By: Adrian (a.delete@this.acm.org), November 7, 2022 4:38 am
Room: Moderated Discussions
Linus Torvalds (torvalds.delete@this.linux-foundation.org) on November 6, 2022 1:18 pm wrote:
> Chester (lamchester.delete@this.gmail.com) on November 5, 2022 3:24 pm wrote:
> >
> > That was not concluded. Rather it seems like a 512-bit op is fed into a single 256-bit pipe, and execution
> > starts over two cycles. The result for each half is ready
> > as fast as it would be for a plain 256-bit op, meaning
> > no latency increase.
>
> So the upper 256 bits are always staggered by one cycle? Kind of like how the original P4 double-pumped ALU
> worked and made most integer ops have an latency of just 0.5 cycles? (Except in this case it's not double-pumped,
> but you end up with an effective latency of 1 cycles even if the "whole" operation takes two).
>
> I guess for any throughput loads that's basically unnoticeable and perfectly fine (and AVX512
> is pretty much about throughput), but I'd assume you end up seeing the extra cycle of latency
> whenever you had an operation that collapsed the whole value (things like masked compares?).
>
> Or do I misunderstand?
>
> Linus
You understand correctly, but I have not seen yet any test results that prove that this is indeed the AMD implementation.

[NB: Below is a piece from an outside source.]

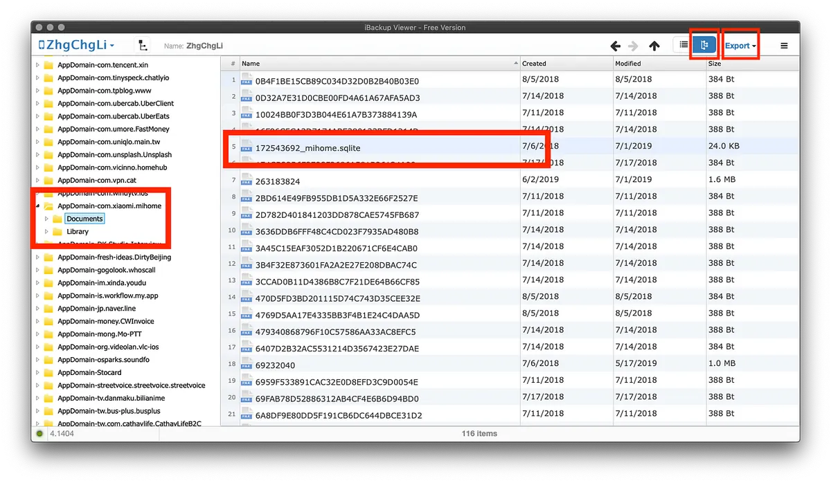 左側にはインストールされているすべてのAPPが表示されます。米家のAPP「AppDomain-com.xiaomi.mihome」->「Documents」を見つけてください。

It certainly is the most probable implementation choice, together with the alternative where the second half of the operand is processed not in the next cycle in the same pipeline, but in the same cycle in the other pipeline of the same kind (the Zen 3/4 SIMD pipelines are grouped in pairs with the same properties).
The test that can expose the implementation method must be, as you say, one where the sequential execution would cause an extra cycle of latency, i.e. not based on any of the operations that process the halves independently.
Besides the Zen 3 pipelines, Zen 4 is said to have a new shuffle unit, which enables it to do shuffles where the halves of a 512-bit operand are crossed. I do not know how this shuffle unit has been added to the existing pipelines, i.e. whether it is separate and an operation could be initiated on it simultaneously with the other pipelines, or more likely, it is attached to only one of the existing pipelines, making that pipeline behave differently than the others.
So if a test would try to use shuffles for an instruction sequence trying to expose an extra clock cycle of latency, there might be additional complications, requiring a more complex testing for elucidating which is the AMD Zen 4 implementation.
> Chester (lamchester.delete@this.gmail.com) on November 5, 2022 3:24 pm wrote:
> >
> > That was not concluded. Rather it seems like a 512-bit op is fed into a single 256-bit pipe, and execution
> > starts over two cycles. The result for each half is ready
> > as fast as it would be for a plain 256-bit op, meaning
> > no latency increase.
>
> So the upper 256 bits are always staggered by one cycle? Kind of like how the original P4 double-pumped ALU
> worked and made most integer ops have an latency of just 0.5 cycles? (Except in this case it's not double-pumped,
> but you end up with an effective latency of 1 cycles even if the "whole" operation takes two).
>
> I guess for any throughput loads that's basically unnoticeable and perfectly fine (and AVX512
> is pretty much about throughput), but I'd assume you end up seeing the extra cycle of latency
> whenever you had an operation that collapsed the whole value (things like masked compares?).
>
> Or do I misunderstand?
>
> Linus
You understand correctly, but I have not seen yet any test results that prove that this is indeed the AMD implementation.
It certainly is the most probable implementation choice, together with the alternative where the second half of the operand is processed not in the next cycle in the same pipeline, but in the same cycle in the other pipeline of the same kind (the Zen 3/4 SIMD pipelines are grouped in pairs with the same properties).
The test that can expose the implementation method must be, as you say, one where the sequential execution would cause an extra cycle of latency, i.e. not based on any of the operations that process the halves independently.
Besides the Zen 3 pipelines, Zen 4 is said to have a new shuffle unit, which enables it to do shuffles where the halves of a 512-bit operand are crossed. I do not know how this shuffle unit has been added to the existing pipelines, i.e. whether it is separate and an operation could be initiated on it simultaneously with the other pipelines, or more likely, it is attached to only one of the existing pipelines, making that pipeline behave differently than the others.
So if a test would try to use shuffles for an instruction sequence trying to expose an extra clock cycle of latency, there might be additional complications, requiring a more complex testing for elucidating which is the AMD Zen 4 implementation.